> Required action:
Set down the data below without change, skipping the pictures it holds.

[Opening Given information section]

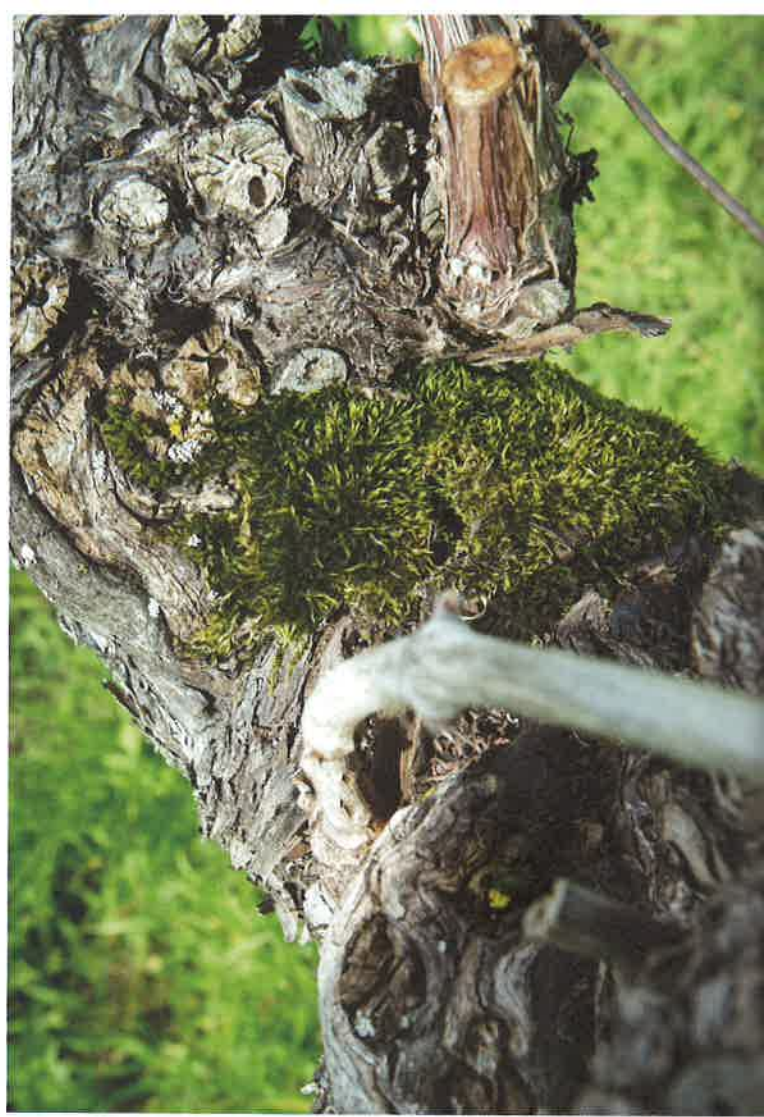
Einer der wichtigsten Schätze des Betriebs sind alte Reben
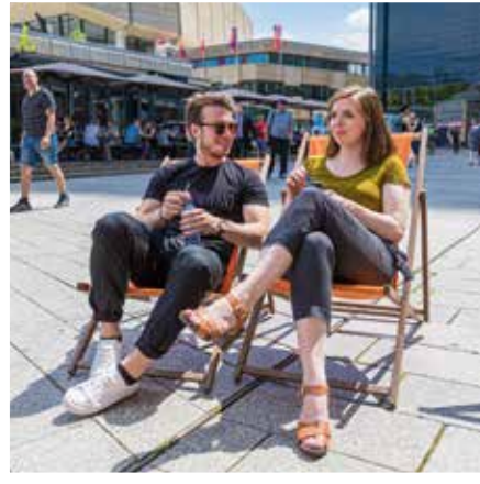
Draußen feiern und genießen

Produkte der hiesigen Höfe und Manufakturen – 13. Mai, 10. Juni 2023 » klosterbuch.de
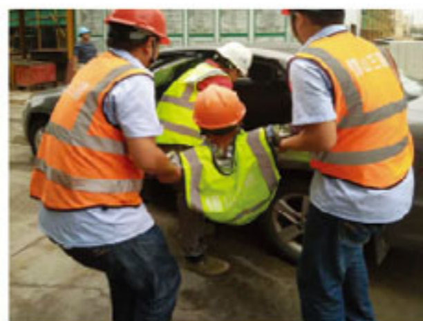
转移过程中避免二次伤害

[Closing Given information section]

> Response area:
Einer der wichtigsten Schätze des Betriebs sind alte Reben
Draußen feiern und genießen

Produkte der hiesigen Höfe und Manufakturen – 13. Mai, 10. Juni 2023 » klosterbuch.de
转移过程中避免二次伤害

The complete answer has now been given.